### PROBLEM STATEMENT
Please return exactly the line that contains "男性向けラノベタイトル風あだ名 | 『魔弾の王ともとふく』 |" and every line after it, through the last line of the records below, with no pictures.

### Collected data

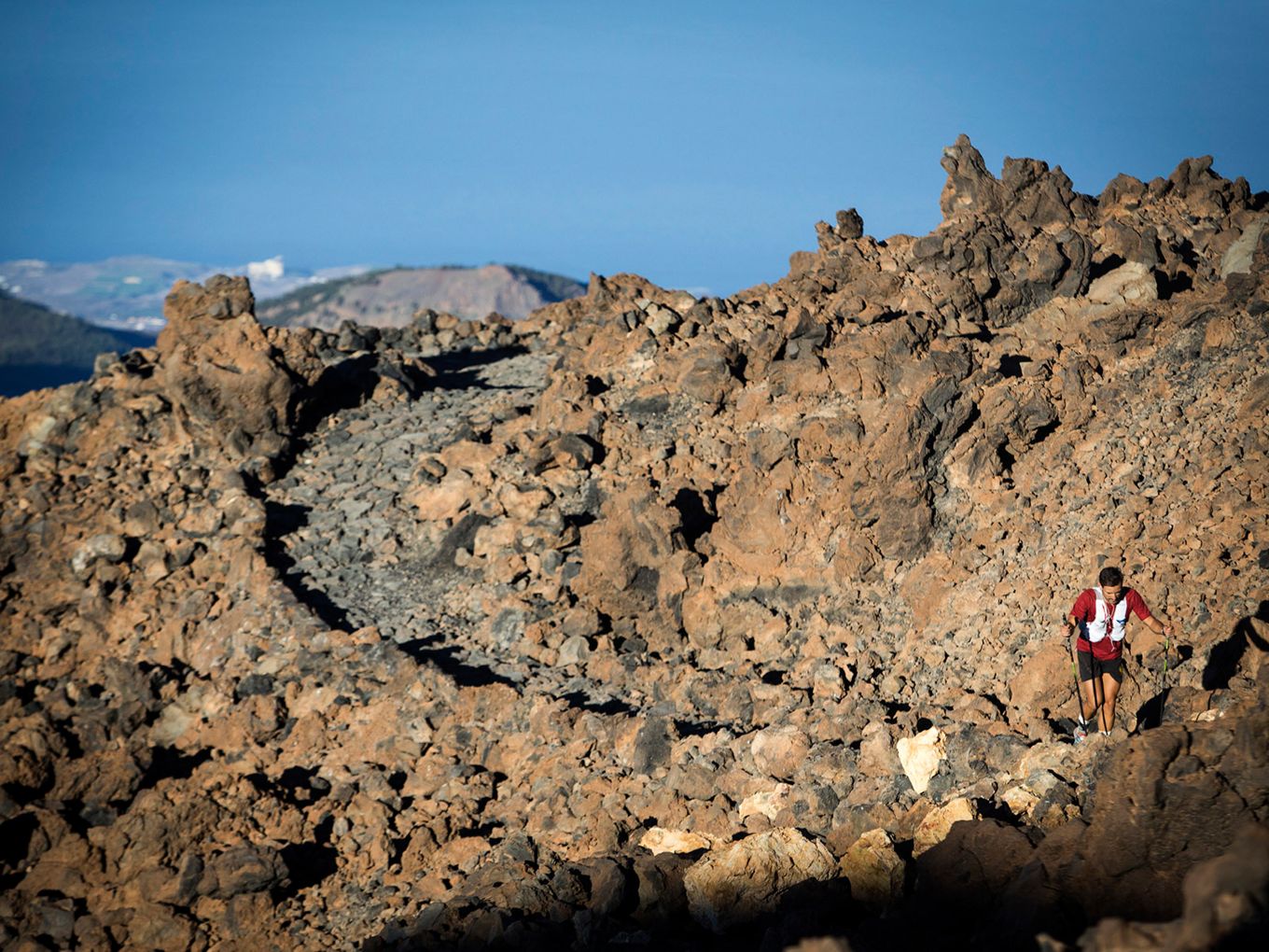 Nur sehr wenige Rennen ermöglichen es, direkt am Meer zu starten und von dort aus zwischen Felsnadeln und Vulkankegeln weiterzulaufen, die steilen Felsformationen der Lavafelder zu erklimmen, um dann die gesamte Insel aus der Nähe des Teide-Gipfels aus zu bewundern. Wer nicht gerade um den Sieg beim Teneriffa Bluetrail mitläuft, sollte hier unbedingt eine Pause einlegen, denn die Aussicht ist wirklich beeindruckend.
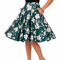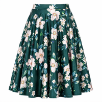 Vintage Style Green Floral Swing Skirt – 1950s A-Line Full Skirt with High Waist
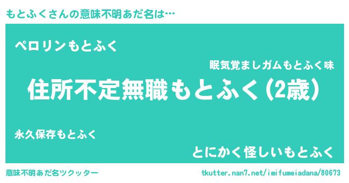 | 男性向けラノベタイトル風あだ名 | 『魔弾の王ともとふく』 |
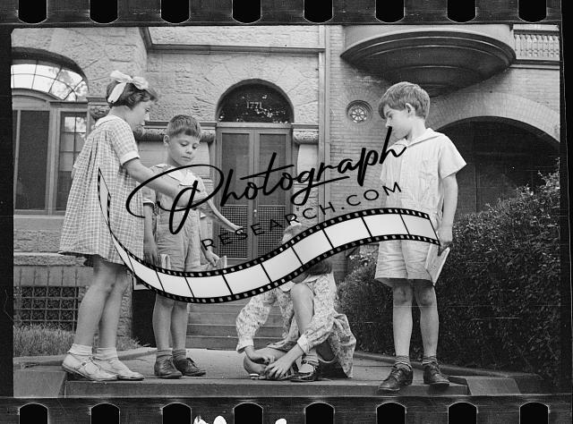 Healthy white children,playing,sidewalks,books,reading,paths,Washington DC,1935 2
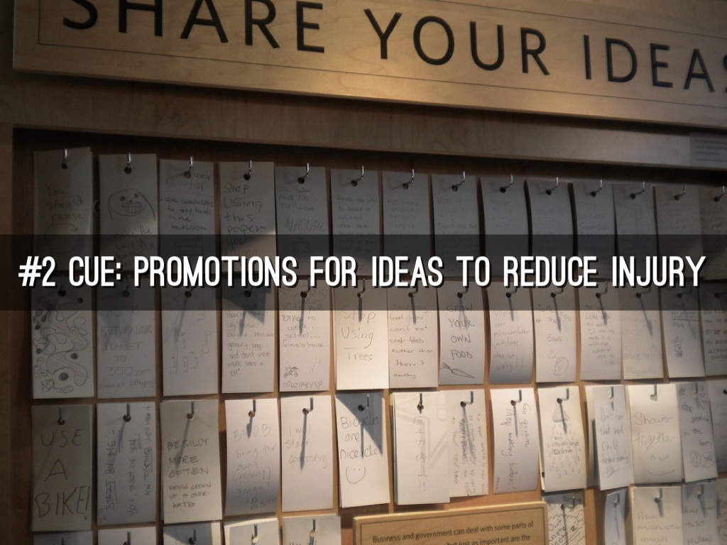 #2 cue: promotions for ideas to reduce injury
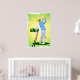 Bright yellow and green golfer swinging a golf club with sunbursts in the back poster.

### WORKED SOLUTION
 | 男性向けラノベタイトル風あだ名 | 『魔弾の王ともとふく』 |
 Healthy white children,playing,sidewalks,books,reading,paths,Washington DC,1935 2
 #2 cue: promotions for ideas to reduce injury
 Bright yellow and green golfer swinging a golf club with sunbursts in the back poster.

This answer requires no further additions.